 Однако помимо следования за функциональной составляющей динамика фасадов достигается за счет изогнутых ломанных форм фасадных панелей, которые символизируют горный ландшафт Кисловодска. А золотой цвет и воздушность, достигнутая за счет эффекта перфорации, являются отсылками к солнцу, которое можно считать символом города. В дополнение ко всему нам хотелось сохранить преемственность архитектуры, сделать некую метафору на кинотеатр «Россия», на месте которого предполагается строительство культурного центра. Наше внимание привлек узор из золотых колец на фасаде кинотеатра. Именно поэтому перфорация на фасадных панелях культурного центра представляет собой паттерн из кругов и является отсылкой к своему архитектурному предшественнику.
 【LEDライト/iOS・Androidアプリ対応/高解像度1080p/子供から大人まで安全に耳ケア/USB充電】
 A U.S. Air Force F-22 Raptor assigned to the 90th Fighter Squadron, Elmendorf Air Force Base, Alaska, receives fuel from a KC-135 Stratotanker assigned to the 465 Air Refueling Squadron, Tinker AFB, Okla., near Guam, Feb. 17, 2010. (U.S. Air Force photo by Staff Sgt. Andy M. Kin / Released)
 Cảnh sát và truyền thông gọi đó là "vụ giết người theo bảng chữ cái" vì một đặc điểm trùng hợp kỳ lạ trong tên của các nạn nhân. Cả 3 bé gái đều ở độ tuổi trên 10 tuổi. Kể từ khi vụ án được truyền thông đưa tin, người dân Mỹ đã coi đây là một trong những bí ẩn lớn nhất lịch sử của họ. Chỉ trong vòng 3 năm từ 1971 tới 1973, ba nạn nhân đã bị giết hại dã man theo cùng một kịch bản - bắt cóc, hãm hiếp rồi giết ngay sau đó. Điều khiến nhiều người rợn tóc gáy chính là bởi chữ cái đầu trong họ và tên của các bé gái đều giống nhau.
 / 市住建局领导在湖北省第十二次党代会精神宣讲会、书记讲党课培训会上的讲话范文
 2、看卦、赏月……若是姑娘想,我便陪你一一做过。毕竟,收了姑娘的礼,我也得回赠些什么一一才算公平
○ ○ ○ ○
WORK ITEM: Transcribe all of the material exactly as it was written.

EXERCISE RESULT:
 Однако помимо следования за функциональной составляющей динамика фасадов достигается за счет изогнутых ломанных форм фасадных панелей, которые символизируют горный ландшафт Кисловодска. А золотой цвет и воздушность, достигнутая за счет эффекта перфорации, являются отсылками к солнцу, которое можно считать символом города. В дополнение ко всему нам хотелось сохранить преемственность архитектуры, сделать некую метафору на кинотеатр «Россия», на месте которого предполагается строительство культурного центра. Наше внимание привлек узор из золотых колец на фасаде кинотеатра. Именно поэтому перфорация на фасадных панелях культурного центра представляет собой паттерн из кругов и является отсылкой к своему архитектурному предшественнику.
 【LEDライト/iOS・Androidアプリ対応/高解像度1080p/子供から大人まで安全に耳ケア/USB充電】
 A U.S. Air Force F-22 Raptor assigned to the 90th Fighter Squadron, Elmendorf Air Force Base, Alaska, receives fuel from a KC-135 Stratotanker assigned to the 465 Air Refueling Squadron, Tinker AFB, Okla., near Guam, Feb. 17, 2010. (U.S. Air Force photo by Staff Sgt. Andy M. Kin / Released)
 Cảnh sát và truyền thông gọi đó là "vụ giết người theo bảng chữ cái" vì một đặc điểm trùng hợp kỳ lạ trong tên của các nạn nhân. Cả 3 bé gái đều ở độ tuổi trên 10 tuổi. Kể từ khi vụ án được truyền thông đưa tin, người dân Mỹ đã coi đây là một trong những bí ẩn lớn nhất lịch sử của họ. Chỉ trong vòng 3 năm từ 1971 tới 1973, ba nạn nhân đã bị giết hại dã man theo cùng một kịch bản - bắt cóc, hãm hiếp rồi giết ngay sau đó. Điều khiến nhiều người rợn tóc gáy chính là bởi chữ cái đầu trong họ và tên của các bé gái đều giống nhau.
 / 市住建局领导在湖北省第十二次党代会精神宣讲会、书记讲党课培训会上的讲话范文
 2、看卦、赏月……若是姑娘想,我便陪你一一做过。毕竟,收了姑娘的礼,我也得回赠些什么一一才算公平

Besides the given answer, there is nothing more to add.